In 1978, via a grant from the University of Illinois at Urbana-Champaign, Gallo conducted extensive research in paper casting and developed new techniques at a studio he established outside Urbana, IL.
When Gallo began experimenting with the idea of paper sculpture, he first created a large figurative relief and cast it in paper, using cotton linter pulp (a processed pulp made from the short, fuzzy fibers left on cottonseeds after the main long fibers are removed). The initial results were disappointing because shrinkage distorted the shallow relief (of the sculpture).
To offset the distortion, Gallo developed a restraining system employing hundreds of pounds of gutter spikes supported in heavy screens. The spikes restrained the castings and allowed forced air to circulate uniformly over the surface of the casting. This technique provided Gallo the depth he sought for the low-relief sculptures; please see the accompanying photograph.
"A deep line or groove in cast paper is not a dark accent; in direct light it becomes a luminous, scintillating fissure. What would appear raw in bronze or stone, translates into feathery atmospheric gestures in the whiteness of paper."
To express the delicate features of individual images, Gallo used multiple types of plant fibers and other materials, within the papermaking process, including abaca and jute fibers, blonde burlap and clay, sisal and cotton fibers, etc. The combination of these elements created a pletorha of colors and "feels" for the sculptures, ranging from a warm, oatmeal color to a dazzling white, all in varying textures.
The instructional manuals, one co-authored by Gallo, and the newspaper article from 1988 appearing below demonstrate Gallo's commitment to the science of papermaking and the cast paper sculpture process.
Frank Gallo at Cast Paper Station, undated
Frank Gallo Archives (Download here)
Howard Clark Hand Papermaker's Press, undated
Frank Gallo Archives (Download here)
Viki Ford-Boskey and Frank Gallo
A Guide to Sheet Forming & Paper Casting, 1985
Frank Gallo Archives (Download here)
Kathryn Kerr
Sculpting Solid Success, Champaign-Urbana News Gazette, 07-08-1988
Frank Gallo Archives (Download here)
EDITIONS IN CAST PAPER: Business follows the economic cycle
In 1978 Gallo founded Editions in Cast Paper where he began developing local paper artists in his studio: "Some were graduates of the sculpture program which I headed at the University of Illinois.
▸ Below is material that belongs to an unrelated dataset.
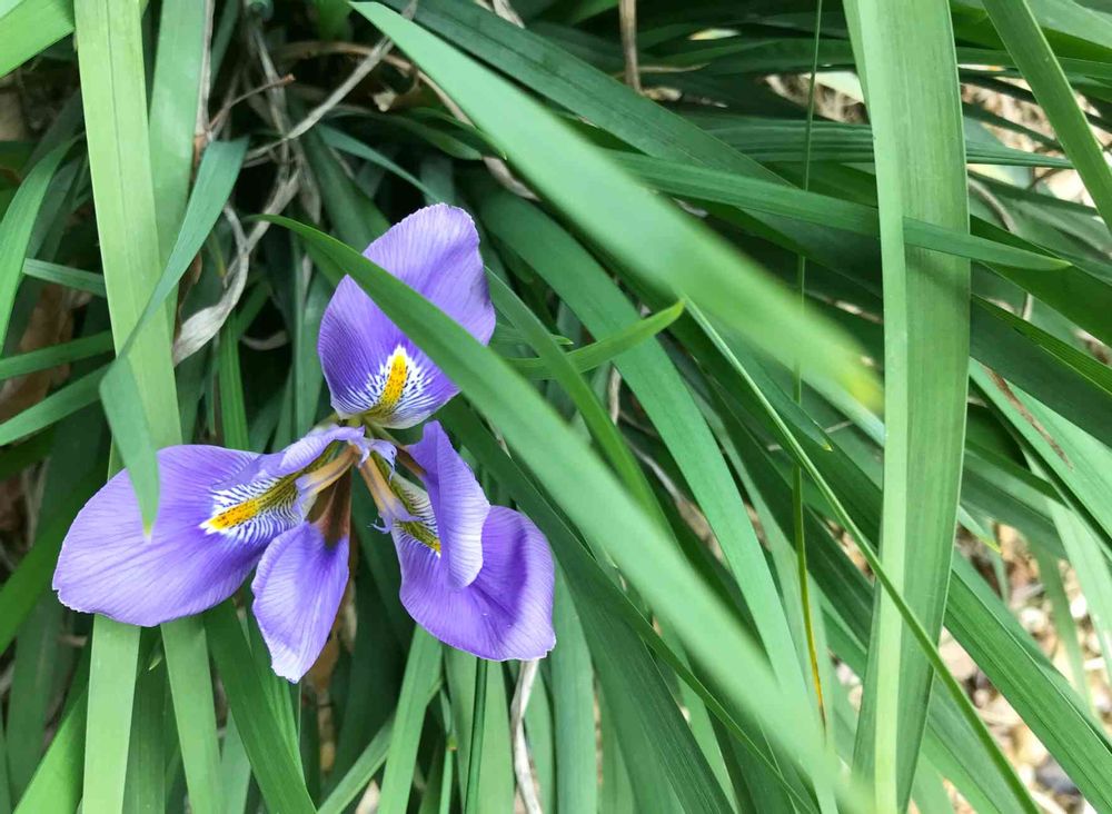 🌸たいそう地味なのですが、アヤメ のようです。調べるとアヤメにもたくさんたくさん種類があって色んな顔がありました。

My two children even joined my crew." Subsequently, Gallo began producing the work of other artists in cast paper, including Victor Vasarely, Agam, Rene Gruau, Peter Max, and Marvel Comics:
"An artist, no matter how creative nor however highly technically oriented, cannot translate his own work into paper without the many years of experience that are necessary to anticipate the sort of innovations required to transcend the medium and create art of lasting value."
In 1978, Gallo created The Dancer, his first cast paper sculpture, published by Circle Fine Art. Editions in Cast Paper would operate until January 2005, experiencing ups-and-downs associated with societal and consumer trends. At the high point of operations in 1989, Editions in Cast Paper had up to 20 employees. Unfortunately, the company's production boom of the late 1980s was not sustainable. Hit hard by the economic recession of the early 1990s, by 1995, the company was a two-person business, Gallo and his son, Joseph. (See At What Cost Success? for a further discussion of Editions in Cast Paper.)